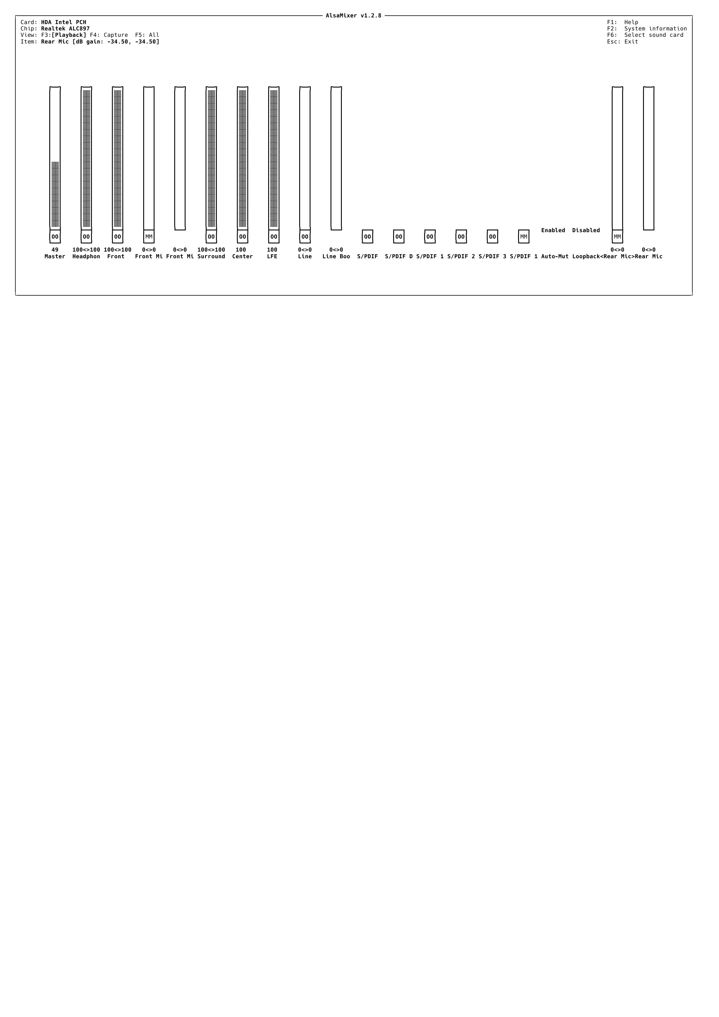 Front Left: Playback 0 [0%] [-34.50dB] [off]
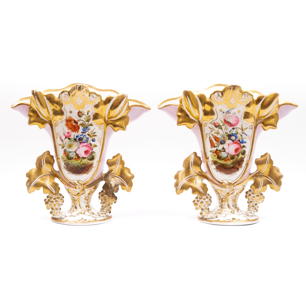 COPPIA VASI Luigi Filippo in porcellana dipinta e decorata in oro (restauri).
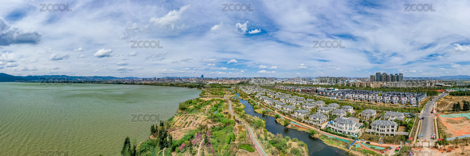 航拍云南昆明滇池星海半岛湿地公园生态自然
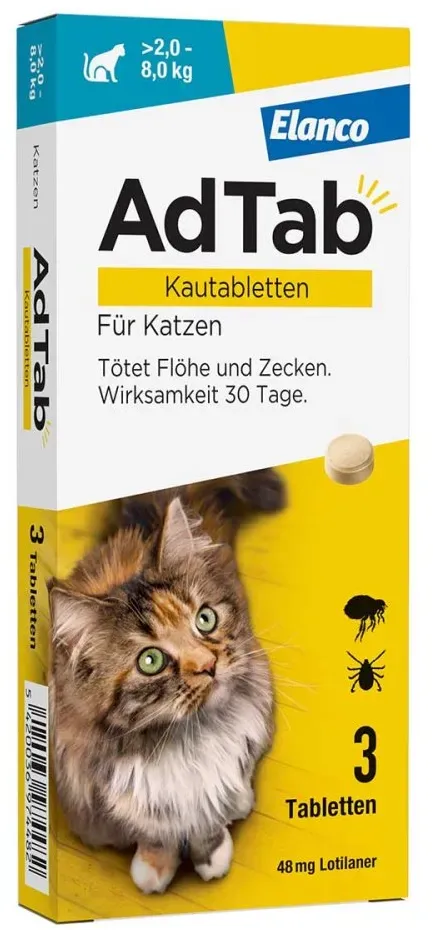 Adtab META PreisvergleichMit dem Meta-Preisvergleich suchen Sie gleichzeitig bei den großen Preisvergleich Portalen!Jetzt live Suche nach adtab starten! Adtab KaufberatungDer Begriff 'AdTab' bezieht sich hauptsächlich auf Kautabletten gegen Flöhe und Zecken für Katzen und Hunde. Diese Tabletten enthalten den Wirkstoff Lotilaner, der gezielt Insekten und Spinnentiere abtötet und eine Wirkdauer von etwa einem Monat hat. AdTab ist rezeptfrei, aber apothekenpflichtig und wird als schmackhafte Kautablette angeboten, die speziell für Katzen (ab 2 kg) und Hunde (je nach Gewichtsklasse) entwickelt wurde[1][3]. Wichtige Produktmerkmale bei AdTab sind:
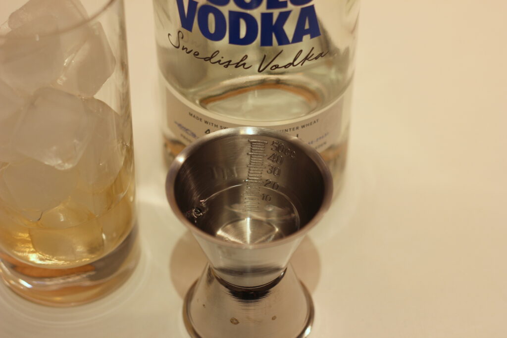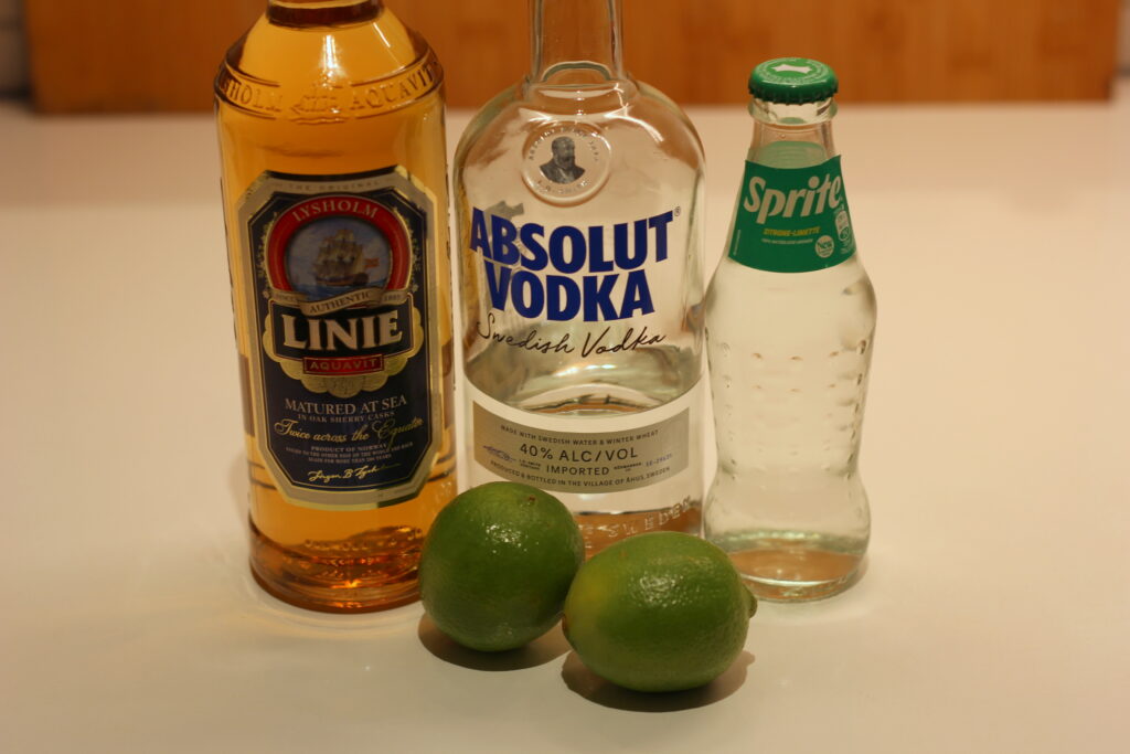 Ein Highball-Glas* mit Eiswürfeln füllen. Aquavit, Wodka und Limettensaft hinzugeben, mit der Limo auffüllen.
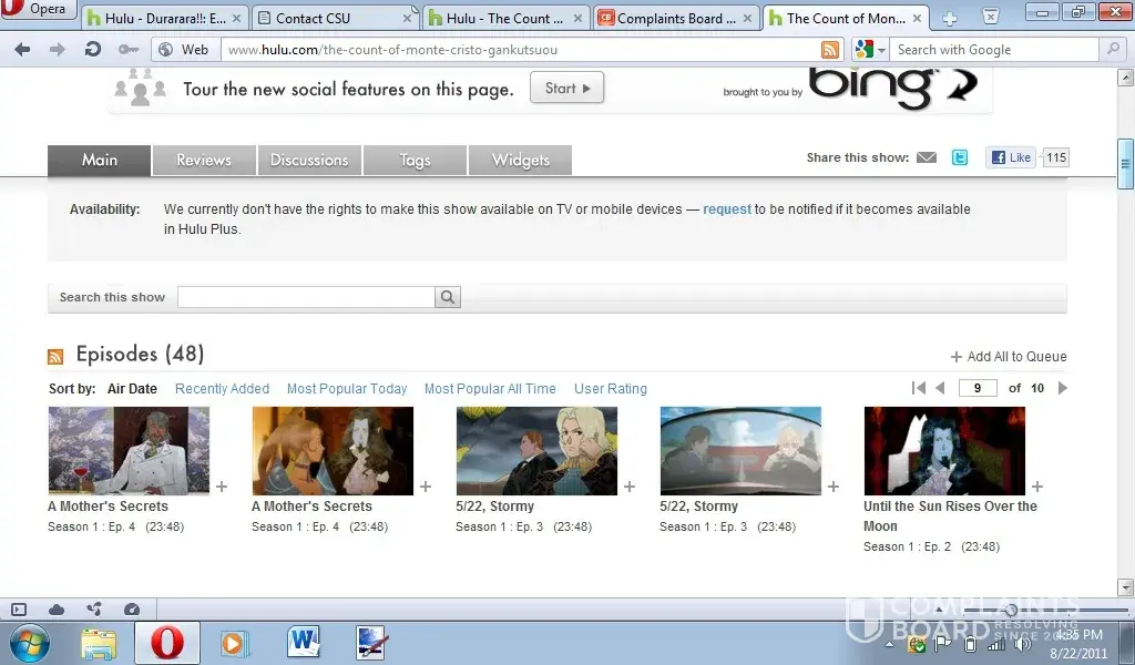I do really love hulu, and I love the strides that they have taken with anime distribution companies in order to make anime more available to a wider audience. One thing that does bug me about their practices is how they go about separating dubbed anime and anime only with subtitles. There is no checkbox in the search options that I have found, and when on a show's page, the dubbed and subbed versions are no longer segregated. When a viewer is looking for a specific version, it is extremely aggravating to have to sit through four ad blocks just because the viewer clicked on the incorrect version of the episode to start with. A mere wrong click isn't the issue--it's that I have to get through the opening ad, the opening credits, the second ad, and then hear two seconds of audio to realize my issue. It would be great if I could just take half a second to read "Subtitled version, " or even head off the issue by searching only for "Dubbed." The attached picture shows an episodes list, with two unlabeled versions of every single episode.
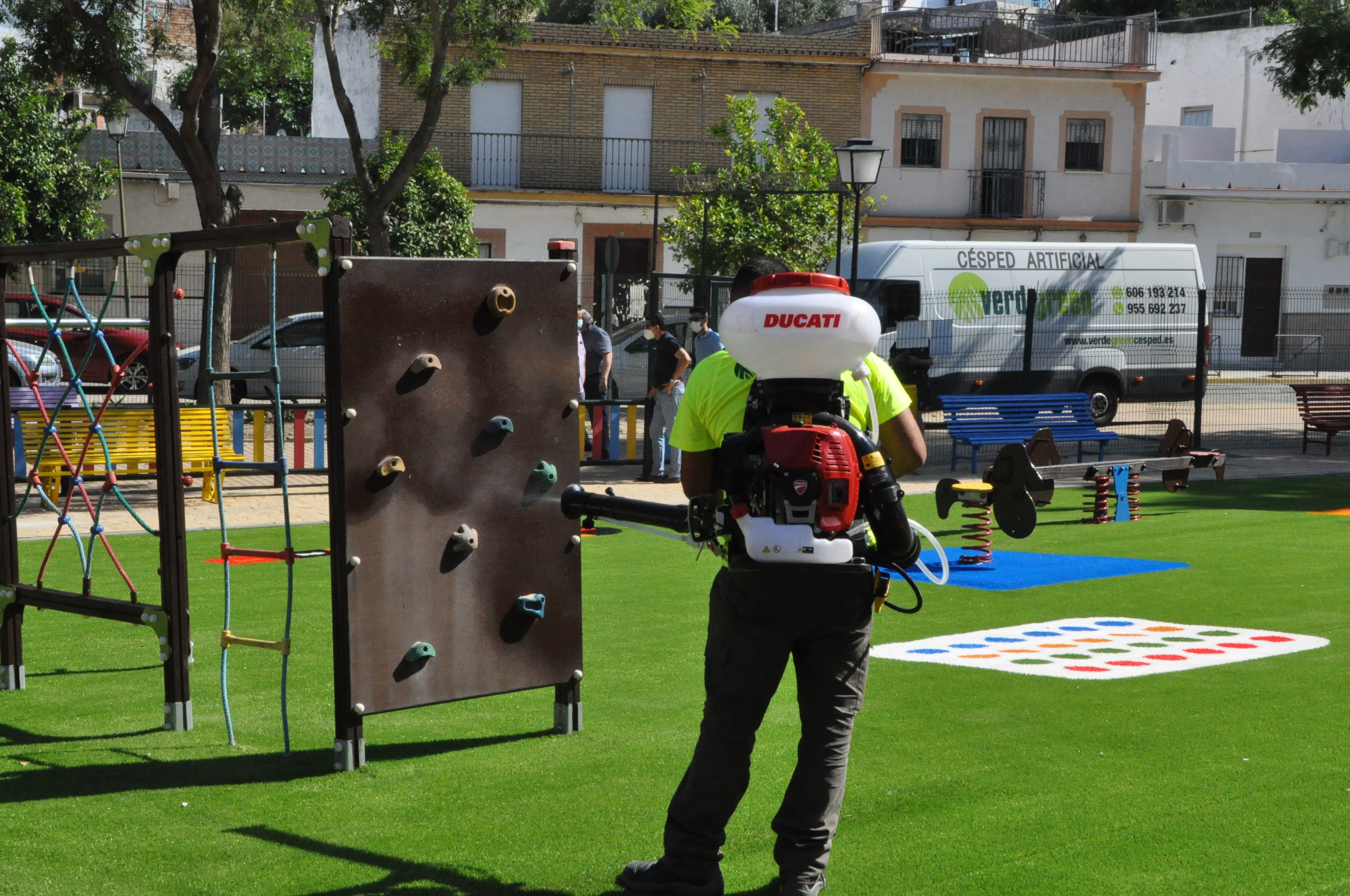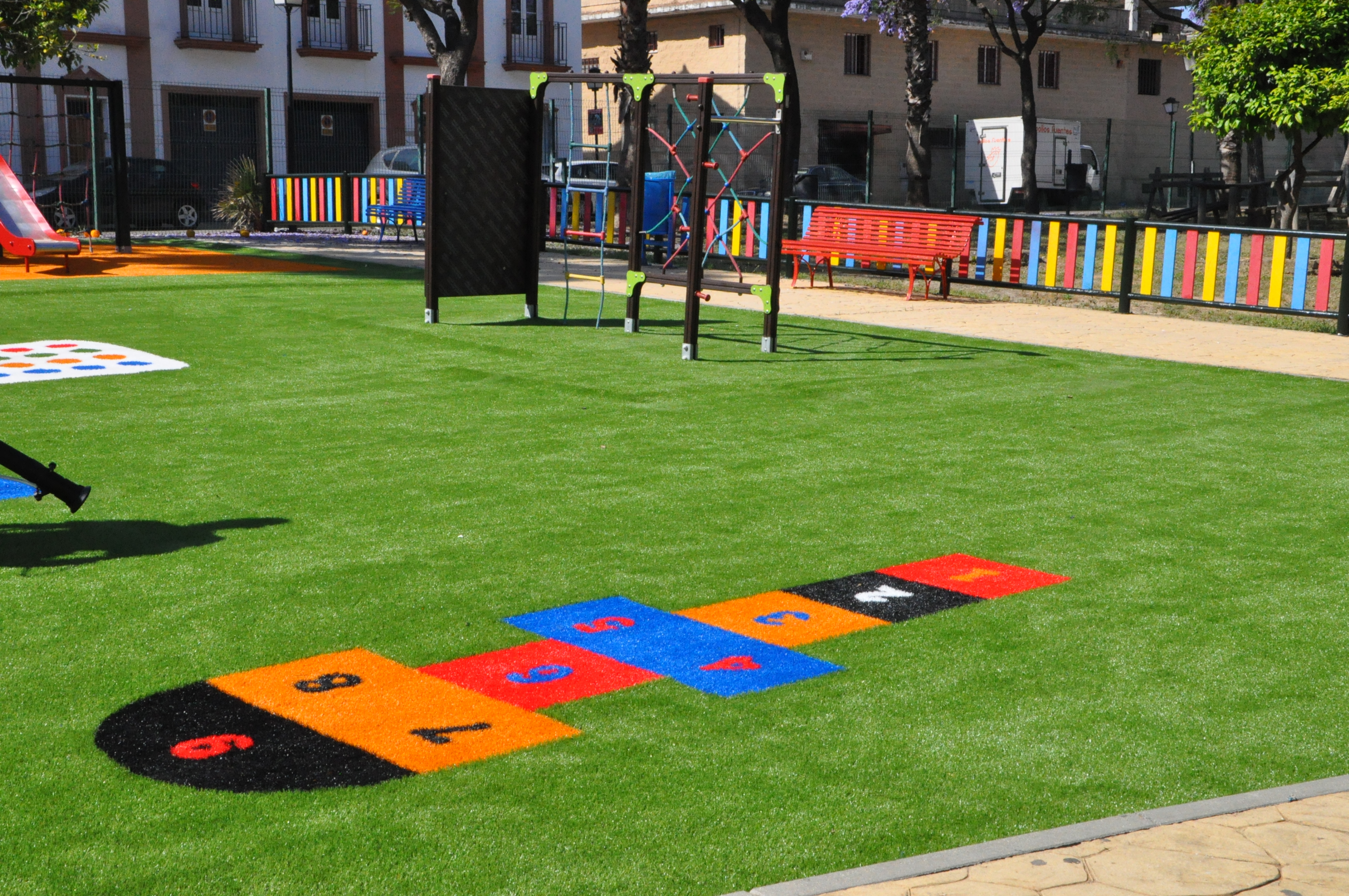 En el suelo de toda la zona se ha instalado césped artificial de “VerdeGreen” en diferentes colores y se han sustituido los elementos rotos de los diferentes juegos infantiles.

● Work request: Nothing but the lines from the start of the listing through the line with "航拍云南昆明滇池星海半岛湿地公园生态自然" belongs in the answer, each one retyped exactly and without pictures.

● Task answer:
 Front Left: Playback 0 [0%] [-34.50dB] [off]
 COPPIA VASI Luigi Filippo in porcellana dipinta e decorata in oro (restauri).
 航拍云南昆明滇池星海半岛湿地公园生态自然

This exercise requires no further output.